Coastal Eats: Food in the Nicoya Peninsula

Coastal Eats: Food in the Nicoya Peninsula

November 02, 2018

fresh. local. made with love.

There's nothing like the sound of howler monkeys as you sip your morning coffee.

When travelling abroad, I get a ritualistic pang of nervousness when it comes to food. Delhi belly, Montezuma's Revenge, whatever you like to call it - its a general fear of stomach cramping (and more) caused by contamination by non-purified water sources. Were the vegetables washed in tap water? Is the ice in this drink made from purified water? As a result, I often avoid raw foods, leaving me me feeling a little veggie deprived.

One of my favourite parts about travelling to Costa Rica is that the tap water is drinkableand safe for non-natives to drink (in most parts) - making this lush green agrarian society is a haven for delicious, raw eats. Plus, it is recognized by author Dan Buettner as a "blue zone" region, where where a large number of people are living to be at least 100. He theorizes that this pattern has a lot to do with the immense supply of vitamin D from the sun, as well as a vitamin-rich local diet consisting of fresh, locally prepared whole foods.

Local foodie tips:

  • Take a visit to Nena.
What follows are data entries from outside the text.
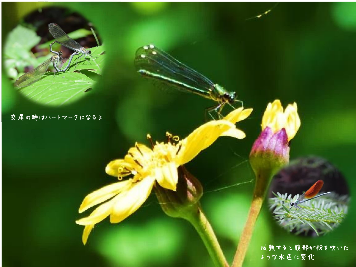
交尾の時はハートマークになるよ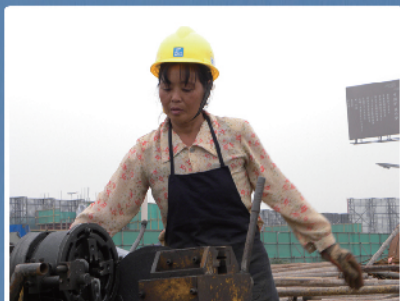
《巾帼劳动者在行动》

工会的摄影比赛的通知一出，分散在各地的职工都纷纷响应，邮箱里的邮件一封又一封，工作上专业的交流，在这里则是心灵的交流，感情的共享。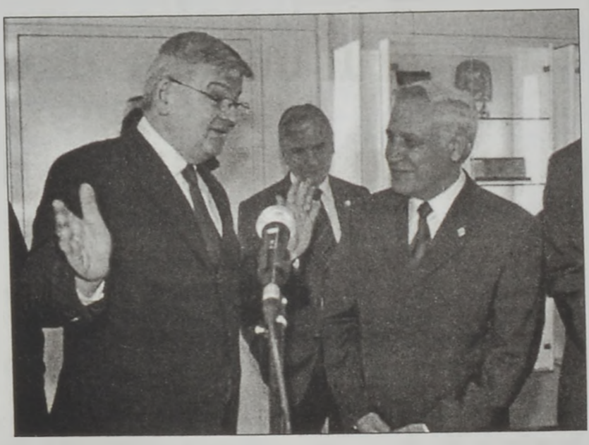
Ֆիշըր եւ Բացալ

Միացեալ Նահանգներ եւ Բրիտանիա յանձնառու կը մնան Միջին Արեւելքի խաղաղութեան համար միջազգային ուղեգիծի մը գործադրութեան, յայտնած է Մ. Նահանգներու նախագահ Ճորճ Պուշ երէկ Պեյֆասթի մէջ, Բրիտանիոյ վարչապետ Թոնի Պլեյրի հետ մամուլ ասուլիսի մը ընթացքին: Ան յայտնած է, թէ Միջին Արեւելքի մէջ խաղաղութիւնը պիտի պահանջէ, որ «պատմութեան եւ կրօնքի խոր տարակարծութիւններ յաղթահարուին»: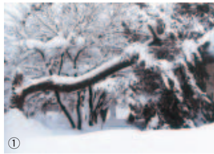
図1 積雪量の変化 (平成17年12月27日～平成18年1月27日)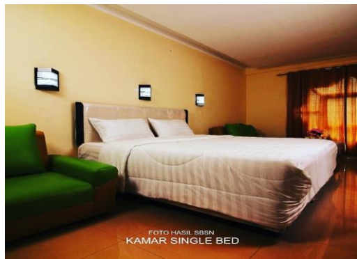
Fasilitas kamar menginap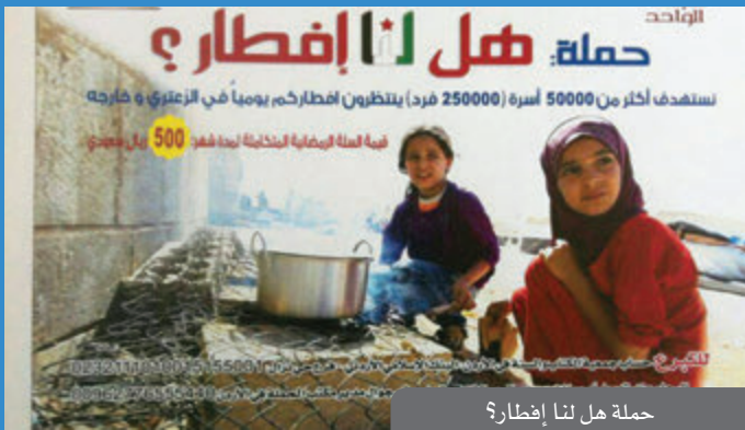
حملة هل لنا إفطار؟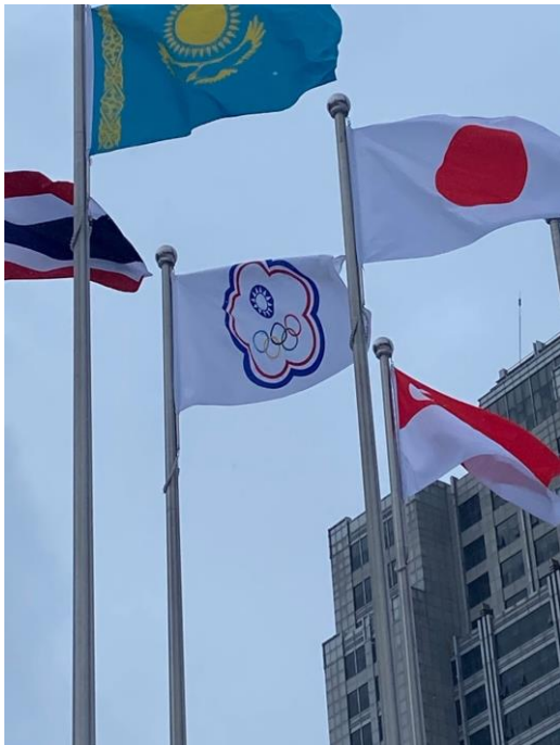
圖 23：我國奧會會旗於選手村飄揚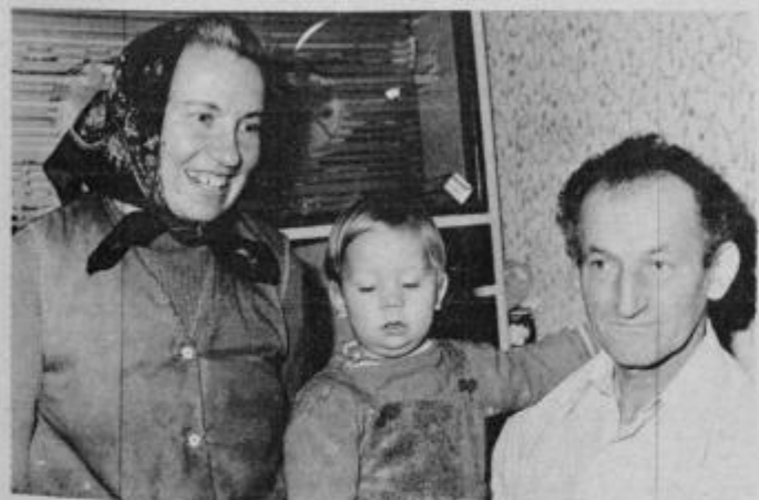
Srečni smo takole skupaj, sta zatrjevala Meškova.

primernejše pa je, da oddamo otroke že pred sedmim letom starosti. Trenutno je iz naše občine v rejništvu 125 otrok. Za popolno oskrbo daje socialno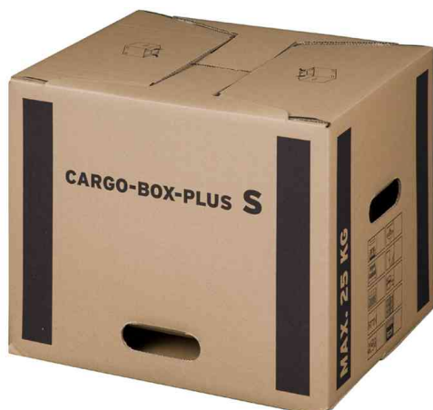
Carton de déménagement "CARGO-BOX-PLUS S"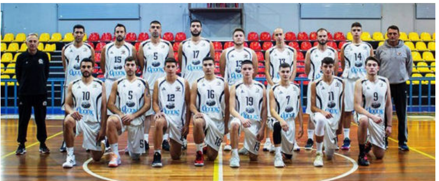
Η ομάδα αντρικού του ΑΣ Καστοριάς (2021).

Από το 2000 έως το 2004 αναλαμβάνει τα ηνία του γυναικείου τμήματος του Λασσάνη Κοζάνης στην Α2 εθνική κατηγορία πανηγυρίζοντας διαδοχικές παραμονές στην κατηγορία αλλά και ένα μετάλλιο στο πανελλήνιο κορασίδων . Την διετία 2004-2006 είναι προπονητής στην γυναικεία ομάδα του Απόλλων καλαμαριάς και ταυτόχρονα περιφερειακός προπονητής της ΕΚΑΣ Θεσσαλονίκης.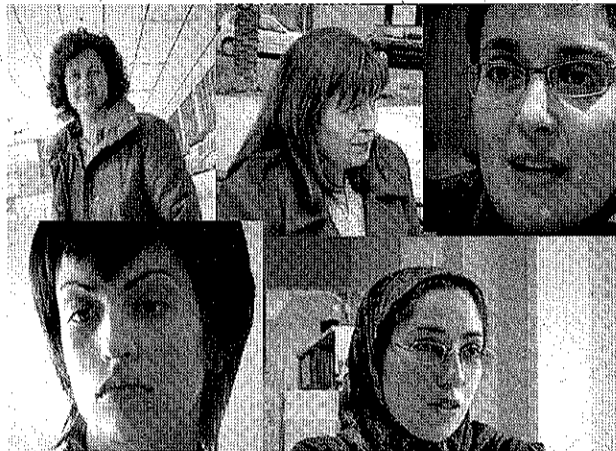
Les cinc dones dels perfils que apareixen al programa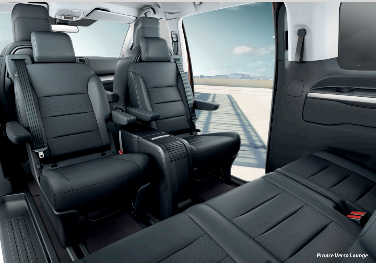
Proace Verso Lounge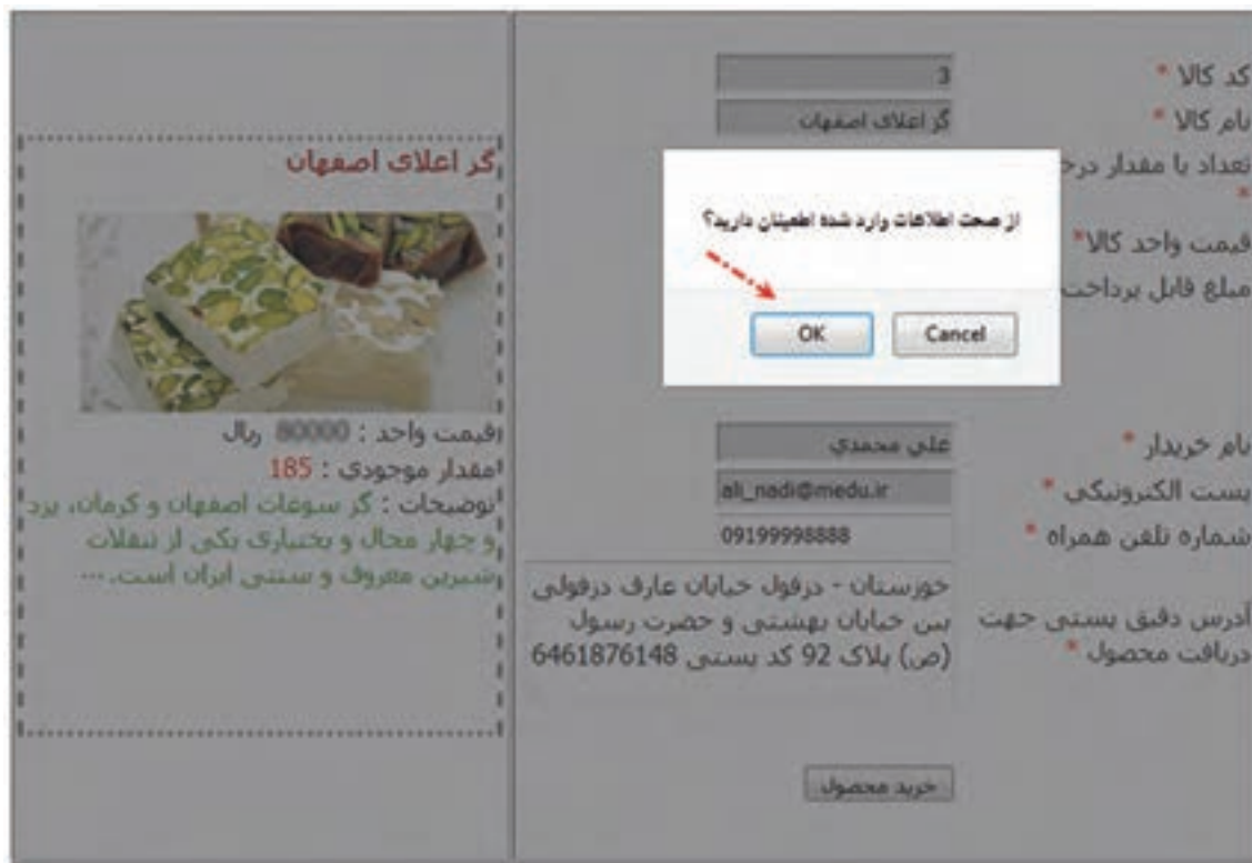
شکل ۱۰- دریافت تأیید کاربر برای صحت اطلاعات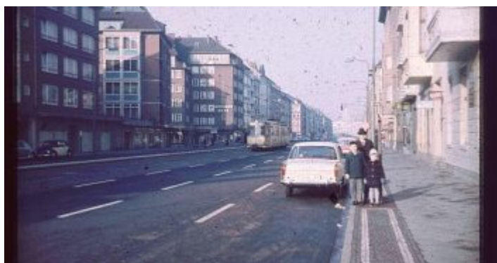
Corneliusstraße ca. 1960

In der hier veröffentlichten Geschichte „Mit nem Ei im Mund“ habe ich eine Reihe Erinnerungen an die Corneliusstraße der späten Fünfziger- und Sechzigerjahre verarbeitet. Inzwischen sind mir weitere Details eingefallen. An der Ecke zur Oberbilker Allee (Richtung Innenstadt links) residiert heute ein Café-Bar der Firma Espresso Perfetto. Witzigerweise war der erste Ladenmieter die längst vergessene Kaffee-Kette „Überseekaffee“, wo unsere Mutter den Kaffee einkaufte. Auf dem Weg in die Volksschule an der Kirchfeldstraße wechselten wir hier die Straßenseite. Und kamen am Schreibwarenladen vorbei, dessen Namen ich leider vergessen habe. Dort versorgten wir uns nicht nur mit allem, was man so für die Schule brauchte, sondern auch allerlei Spielkram. Zum Beispiel fanden wir hier die mit Abstand größte Auswahl an Murmeln, die Düsseldorf „Dötze“ nennt. Gedötzt wurde nachmittags extensiv unter den Bäumen am Fürstenplatz.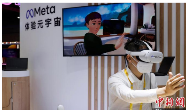
技术装备展区内，参观者在“Meta”展台体验元宇宙。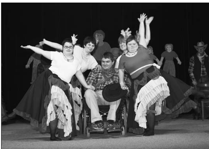
Klienti Denního stacionáře v Lounech při svém vystoupení pod názvem PIF PAF, kterým se představili na loňském ročníku festivalu Patříme k sobě.

V minulých Semilských novinách jste se dozvěděli o zavrženíhodném činu neznámého zloděje, který odcizil pokladničku veřejné sbírky Pozvedněte slabé, jejíž výtěžek měl směřovat k účastníkům letošního festivalu Patříme k sobě, kterého se účastní děti, mládež i dospělí lidé se zdravotním postižením.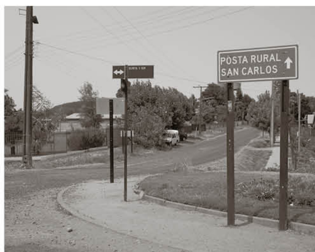
LOS VECINOS DE SAN CARLOS están expectantes por el inicio de obras de la Central Frontera.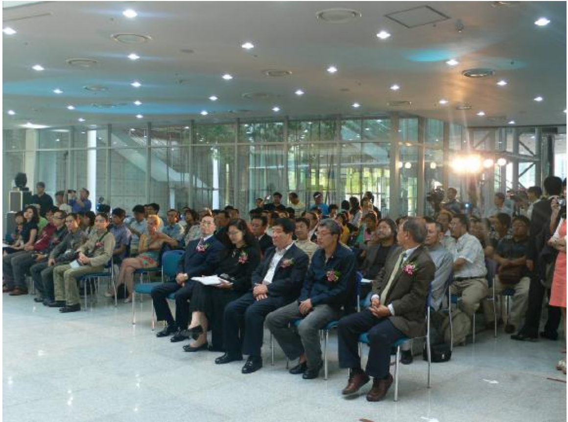
開幕式於光州市立美術館大廳舉辦，現場冠蓋雲集。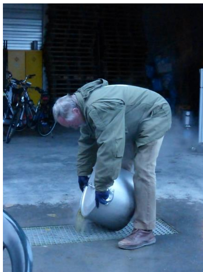
Tabé giet af...

Als de boerenkooldag op 9 november j.l. een voorbode is van het komende winterseizoen, dan belooft het een heel goed jaar te worden: een grote opkomst, een enorme bedrijvigheid, een heerlijke boerenkoolmaaltijd, geserveerd door Tabé en zó'n grote houtopbrengst van de elzenhaag tegenover de Buitenplaats, dat zelfs Rucker de aanhanger niet meer kon trekken. De bedrijvigheid bestond niet alleen uit zagen en sjouwen. Kasten werden in elkaar gezet, de verlichting van de nieuwe keet gerepareerd, motorzagen geslepen en boerenkool gestampt.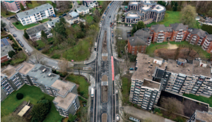
Neuer Radweg: Von der Semperstraße bis zur Hanielstraße.

Wer mit dem Fahrrad von der Königsallee über die Markstraße zum ehemaligen Opel-Gelände fahren möchte, ist nun ein ganzes Stück sicherer unterwegs. Auf und neben der Fahrbahn gibt es nun einen durchgehenden Radweg.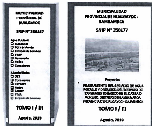
Figura 01: Forma de Presentación del Expediente Técnico (Referencial)

Los expedientes deberán ser presentados en archivadores de palanca de lomo ancho. Cada archivador deberá considerar una carátula en la parte frontal y en lomo del mismo, para una rápida verificación. Se recomienda que dichas carátulas, deberán indicar como mínimo, lo indicado en la figura 1.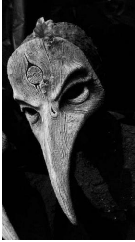
Görsel 5. Şaman maskesi [31] (Image 5. Shaman Mask)

Ölümler yırtıcı kuşlar tarafından yenir, kalan kemikler yaklaşık bir yıl güneşte bekletildikten sonra kireç odalarına kaldırılırdı. Kurutulan kemikler ezilerek doğaya bırakılırdı.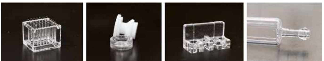
Abbildung 4: Glasapparatebauer Gertjan Bon/Universität Amsterdam stellt im 3D-Druck Quarzglaskomponenten, wie Halter, Verbindungselemente oder komplexe Bauteile her, die auf klassische Weise nur schwer hergestellt werden können.

Die Verbindung beider Technologien eröffnet neue Möglichkeiten in der Forschung, Analytik und Laborentwicklung. Besonders für Prototypen, Kleinserien oder Spezialbauteile bietet der 3D-Druck von Quarzglas einen großen Vorteil: Designs können schnell umgesetzt, getestet und anschließend durch den Glasapparatebau in funktionsfähige Gesamtsysteme integriert werden. So ergänzen sich digitale Konstruktion und Handwerk auf ideale Weise. Der 3D-Druck von Quarzglas ist damit keine Konkurrenz zum Glasapparatebau, sondern eine Erweiterung seiner Möglichkeiten. Die Gruppe von Glasapparatebauer Gertjan Bon an der Universität Amsterdam zählt zu den Pionieren im Glasapparatebau, welcher den 3D-Druck von Glassomer bereits früh zu Herstellung von Verbindungselementen, Durchflusszellen und Analysezubehör und -halter eingesetzt hat (siehe Abbildung 4).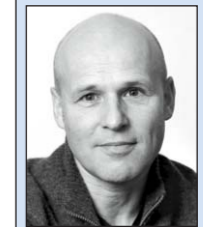
Andreas Balg, Stadttammann Arbon

Ein intensives Jahr geht zu Ende. Aber was gibt es Schöneres, als auf eine intensive Zeit zurück zu blicken und zu erkennen, dass sich der Einsatz auch gelohnt hat: die Eröffnung der «NLK», die Verkehrsreduktion in der Altstadt, erstes Interesse für die Nutzung der freiwerdenden Strassenflächen, der erste Spatenstich am Ufer der Steinacher Bucht und viele Vorbereitungen für Umsetzungen im kommenden Jahr. Die Unterstützung für die weitere Attraktivitätssteigerung der Altstadt ist gross. Mit der nötigen Portion Glück haben wir vielleicht bald wieder einen Wochenmarkt, zusätzliche Läden und weitere Verschönerungen und Investitionen. Arbon bewegt sich. Deutlich spür- und sichtbar wird dies Anfang Januar durch die neue Verkehrsführung auf Haupt- und Promenadenstrasse. Mit der Begrünung im Frühling werden wir ein zusätzliches Gefühl für die «neue» Altstadt bekommen. Mein herzlichster Dank geht an all jene, welche sich schon seit langer Zeit für Arbon engagieren, an alle, die mitgeholfen haben, dass 2013 ein gutes Jahr geworden ist und besonders an die Mitarbeitenden der Stadtverwaltung, die wiederum einen wirklich guten Job gemacht haben. Ich wünsche Ihnen allen ein schönes Weihnachtsfest, einen guten Start ins 2014, und ich bin jetzt schon gespannt, was wir 2014 alles gemeinsam erreichen werden.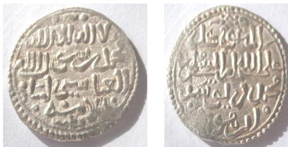
Fig. 14. Dirham ref. V.2143 17 mm. 1,6 grs., acuñado en Córdoba por Mutawakil ibn Hūd

Las últimas acuñaciones musulmanas de Córdoba se realizaron a nombre de Mutawakil ibn Hūd (Fig. 14), y a partir del 1236 la ciudad pasa a ser controlada por Fernando III.

Drive down the main road and turn in at a hand made sign saying "coco oil" and you'll get a chance to meet one of the peninsula's most notable jam and coconut oil makers in Cabuya. See how she produces it in her home, and take some home to savour. 
  • There is a local restaurant called Fusion Mar y Tierra (Sea and Land Fusion) located just before the entrance to the Cabo Blanco Nature Reserve. The owner use to be a chef at a Japanese restaurant in San Jose, so the menu offers everything from typical Costa Rican fare ("typico") to Japenese Food. We highly recommend the Cabo Blanco Roll (avocado, shrimp tempura, topped with sweet plantain).
  • Grab a fresh coconut at the entrance to the Montezuma waterfalls. We recommend grabbing one on your way out, as you might need your hands to stabilize yourself on the tricky hiking points on the way in.
  • There is an abandoned mango orchard in Cabuya village, stop by and pick a fresh mango. Depending on the season, they can be as lush as butter.
  • Try the iced cappuccino at the Cabuya Bakery and Cafe - its so good there must be ice cream in it.
  • Try the passionfruit Mojito at Banana Beach Bar in Santa Teresa - it is our favourite. We might even dub it the official #originlife drink.

Origin Travels visits this region on their Surf + Yoga + Explore Costa Rica and Costa Rica + Guatemala Explorer trips. Meals on this trip will be packed with fresh, locally sourced vegetables and with fresh, fruit-rich smoothies to accompany each meal. Vegetarian and gluten-free diets can be accommodated. Can you say, Pura vida? Even better, they will be prepared by the hand of the sincere, kind, and hilarious chef Randy - he will be one of the highlights of your trip (we promise). We'd even eat the food reserved for the animals on the on-site wildlife rescue centre.